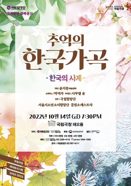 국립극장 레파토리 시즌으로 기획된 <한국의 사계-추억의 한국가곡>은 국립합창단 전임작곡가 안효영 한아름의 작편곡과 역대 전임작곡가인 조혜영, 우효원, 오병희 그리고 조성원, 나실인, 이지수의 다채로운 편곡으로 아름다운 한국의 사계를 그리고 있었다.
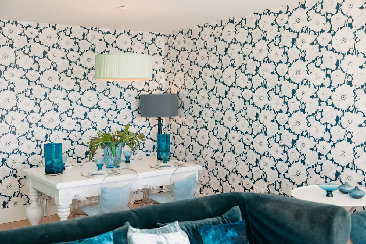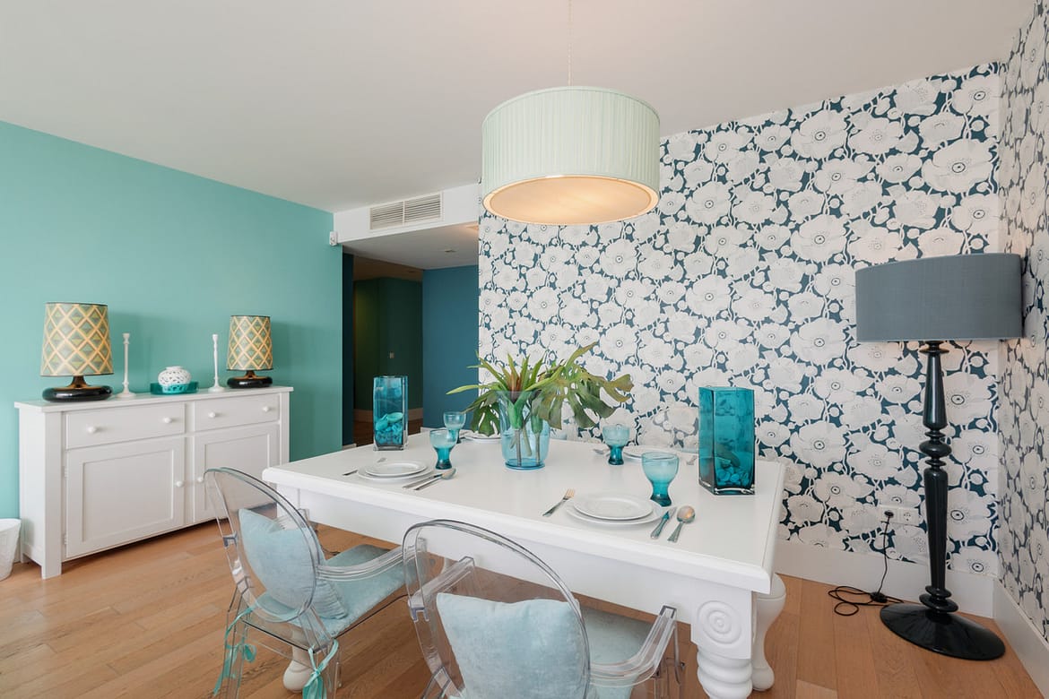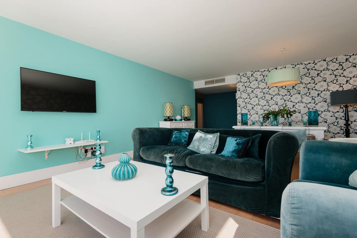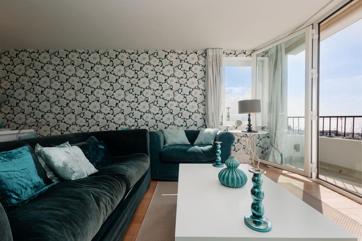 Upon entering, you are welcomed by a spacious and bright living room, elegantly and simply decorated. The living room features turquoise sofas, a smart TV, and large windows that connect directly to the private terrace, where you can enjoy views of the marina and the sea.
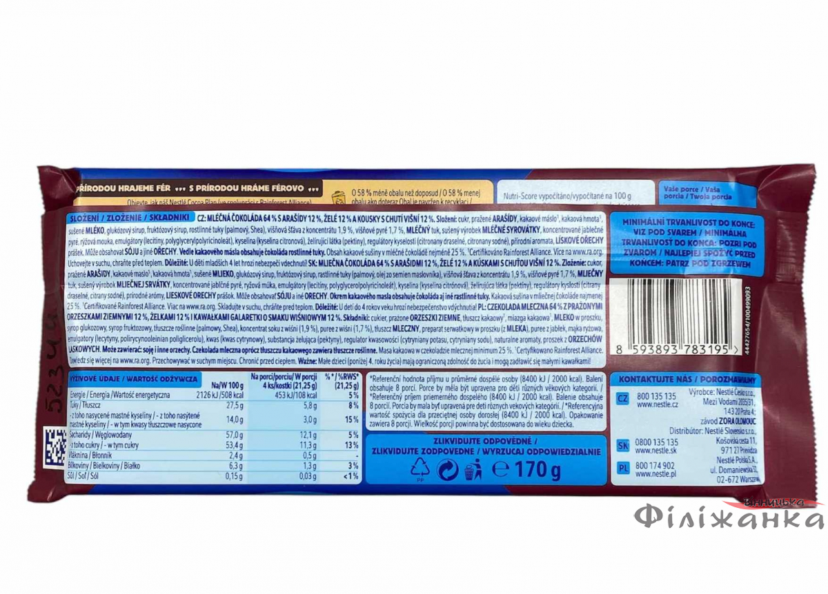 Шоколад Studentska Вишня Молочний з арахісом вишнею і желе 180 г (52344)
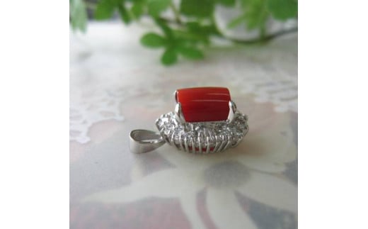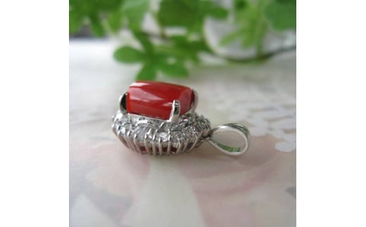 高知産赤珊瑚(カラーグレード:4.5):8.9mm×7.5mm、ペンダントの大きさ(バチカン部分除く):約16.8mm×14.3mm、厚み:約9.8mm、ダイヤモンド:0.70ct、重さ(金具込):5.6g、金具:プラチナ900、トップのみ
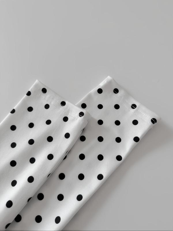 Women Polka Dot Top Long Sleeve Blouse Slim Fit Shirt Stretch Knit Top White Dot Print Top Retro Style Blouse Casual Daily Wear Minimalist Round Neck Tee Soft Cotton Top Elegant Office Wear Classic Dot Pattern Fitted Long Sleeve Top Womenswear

---

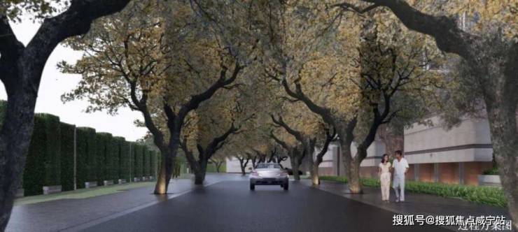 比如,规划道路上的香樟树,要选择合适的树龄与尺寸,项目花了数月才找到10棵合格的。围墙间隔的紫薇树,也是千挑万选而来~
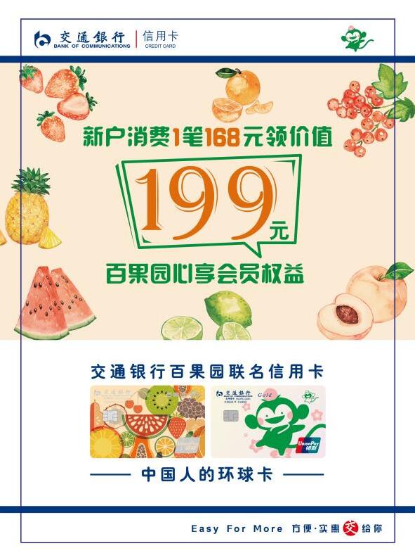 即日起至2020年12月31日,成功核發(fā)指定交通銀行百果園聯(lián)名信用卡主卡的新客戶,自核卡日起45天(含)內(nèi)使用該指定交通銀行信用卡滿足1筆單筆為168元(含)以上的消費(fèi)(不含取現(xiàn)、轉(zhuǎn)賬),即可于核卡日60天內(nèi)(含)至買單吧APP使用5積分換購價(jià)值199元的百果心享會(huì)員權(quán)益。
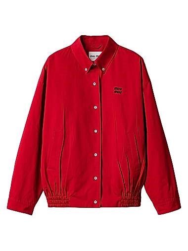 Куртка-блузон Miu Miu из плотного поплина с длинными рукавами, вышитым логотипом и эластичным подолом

- [ACTIVITY]: In the entries above, find the line containing "Шоколад Studentska Вишня" and the line containing "Women Polka Dot"; give again exactly those two lines and every line between them, minus the pictures.

- [ANSWER TO THIS PROBLEM]:
 Шоколад Studentska Вишня Молочний з арахісом вишнею і желе 180 г (52344)
 高知産赤珊瑚(カラーグレード:4.5):8.9mm×7.5mm、ペンダントの大きさ(バチカン部分除く):約16.8mm×14.3mm、厚み:約9.8mm、ダイヤモンド:0.70ct、重さ(金具込):5.6g、金具:プラチナ900、トップのみ
 Women Polka Dot Top Long Sleeve Blouse Slim Fit Shirt Stretch Knit Top White Dot Print Top Retro Style Blouse Casual Daily Wear Minimalist Round Neck Tee Soft Cotton Top Elegant Office Wear Classic Dot Pattern Fitted Long Sleeve Top Womenswear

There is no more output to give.